The financially beleaguered Scandinavian airline was able to take flight when workers agreed to radical measures including lower wages.
According to Lapland University’s Professor of Labour Law Seppo Koskinen, there are signs of similar salary reductions in Finland as well.
“We already have different companies which have agreed to pay cuts where they will pay salaries later if the company turns a profit. Then there are also cases where the employer is given some time to pay salaries,” Koskinen explained.
The professor believes that employers will continue to use salaries to manoeuvre through challenging economic times.
The Baltic passenger shipping company Viking Line will re-launch salary negotiations next month assumes the Estonian flag for one of its vessels, a move that’s expected to lower employee pay by hundreds of euros each.
Companies follow trends
“Companies are taking example from each other when it comes to savings programmes,” said Viking Line shop steward Kima Ojala.

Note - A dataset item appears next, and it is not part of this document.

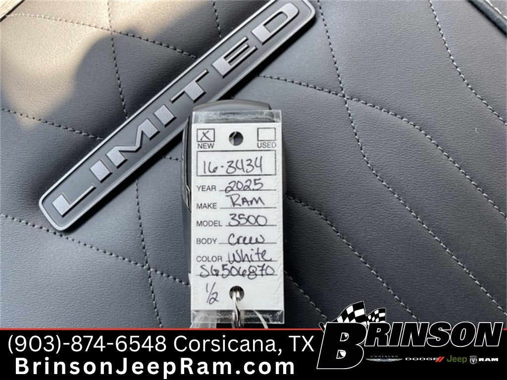 See Brinson Chrysler Dodge Jeep RAM for more details. Price includes:$2000 - 2025 National Bonus Cash . Exp. 02/02/2026 $17,433 off MSRP! Priced below KBB Fair Purchase Price! Bright White Clearcoat 2025 Ram 3500 4D Crew Cab Limited RWD 8-Speed Automatic 6.7L I6 **LEATHER HEATED & COOLED SEATS**, **CLEAN CARFAX**, **NEW TIRES**, **ADAPTIVE CRUISE**, **LANE ASSIST**, **BACK-UP CAMERA**, **BED LINER**, **SUNROOF**, **APPLE CAR PLAY/ANDROID AUTO**, **SIRIUS XM SATELITE RADIO**, **DIESEL**, 3500 Limited, 4D Crew Cab, 6.7L I6, 8-Speed Automatic, RWD, Bright White Clearcoat, Black Leather, 6000# Front Axle w/Hub Ext, ABS brakes, Active Lane Management System, Adaptive Steering System, Black Exterior Truck Badging, Black Limited Grille, Body Color Grille Surround, Box & Rear Fender Clearance Lamps, Bumpers: body-color, Clearance Lamps, Compass, CTR Stop Lamp w/Cargo View Camera, Digital Rearview Mirror, Drowsy Driver Detection, Dual Rear Wheels, Electronic Stability Control, Front dual zone A/C, Heated door mirrors, Heated Front Seats, Heated front seats, Heated rear seats, Heated Second Row Seats, Illuminated entry, LED Bed Lighting, Limited Level 1 Equipment Group, Low tire pressure warning, MOPAR Spray In Bedliner, Navigation System, Night Edition, ParkView Rear Back-Up Camera, Power Deployable Running Boards, Power Sunroof, Quick Order Package 24M Limited, Radio: Uconnect 5 Nav w/14.4 Display, Remote keyless entry, Sport Performance Hood, Surround View Camera System, Traction control, Traffic Sign Recognition, Trailer Reverse Guidance, Trailer Tire Pressure Monitoring System, Wheels: 17 x 6.0 Black Machined Aluminum DRW. Limited Level 1 Equipment Group (Active Lane Management System, Adaptive Steering System, CTR Stop Lamp w/Cargo View Camera, Digital Rearview Mirror, Drowsy Driver Detection, LED Bed Lighting, MOPAR Spray In Bedliner, Power Deployable Running Boards, Surround View Camera System, Traffic Sign Recognition, Trailer Reverse Guidance, and Trailer Tire Pressure Monitoring System), Night Edition (Black Exterior Truck Badging, Black Limited Grille, Body Color Grille Surround, and Sport Performance Hood), Quick Order Package 24M Limited, 3500 Limited, 4D Crew Cab, 6.7L I6, 8-Speed Automatic, RWD, Bright White Clearcoat, Black Leather, 6000# Front Axle w/Hub Ext, ABS brakes, Box & Rear Fender Clearance Lamps, Bumpers: body-color, Clearance Lamps, Compass, Dual Rear Wheels, Electronic Stability Control, Front dual zone A/C, Heated door mirrors, Heated Front Seats, Heated front seats, Heated rear seats, Heated Second Row Seats, Illuminated entry, Low tire pressure warning, Navigation System, ParkView Rear Back-Up Camera, Power Sunroof, Radio: Uconnect 5 Nav w/14.4 Display, Remote keyless entry, Traction control, Wheels: 17 x 6.0 Black Machined Aluminum DRW, 115V Auxiliary Rear Power Outlet, 17 Speakers, 2 Way Rear Headrest Seat, 3.73 Axle Ratio, 4 Way Front Headrests, 4-Wheel Disc Brakes, Adjustable pedals, Air Conditioning, AM/FM radio: SiriusXM with 360L, Apple CarPlay/Android Auto, Audio memory, Auto High-beam Headlights, Auto-dimming door mirrors, Auto-dimming Rear-View mirror, Automatic temperature control, Bodyside moldings, Brake assist, Bucket Seats, Delay-off headlights, Driver door bin, Driver vanity mirror, Dual front impact airbags, Dual front side impact airbags, Dual Wireless Charging Pad, Folding Flat Load Floor Storage, Front anti-roll bar, Front Bucket Seats, Front Center Armrest w/Storage, Front fog lights, Front reading lights, Front Seat Back Map Pockets, Full Length Premium Upgraded Floor Console, Fully automatic headlights, Garage door transmitter, Genuine wood console insert, Genuine wood dashboard insert, Genuine wood door panel insert, harman/kardon® Speakers, Heated Steering Wheel, Heated steering wheel, High Back Seats, Leather steering wheel, Memory seat, Occupant sensing airbag, Outside temperature display, Overhead airbag, Overhead console, Panic alarm, Passenger door bin, Passenger va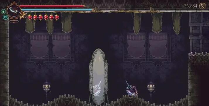 2、来到图示位置,我们来到最下方倒过来的地方的镜子前蹲下,一段时间后就可以完成。

Finland’s umbrella workers union, the Central Organisation of Finnish Trade Unions or SAK, does not expect a wave of similar wage-reduction tactics, however.
“Naturally there will be negotiations about results-related compensation. However businesses and their employees cannot have any framework agreements which put salaries below those set by the collective bargaining process,” SAK Advocacy Director Niklas Elomaa pointed out.
However Professor Koskinen noted that the difficult economic environment has changed even beyond previous assessments.
“A few years ago we would not have believed that there would be this kind of wage development in any Nordic country. We cannot continue to surf on these old assumptions,” he added.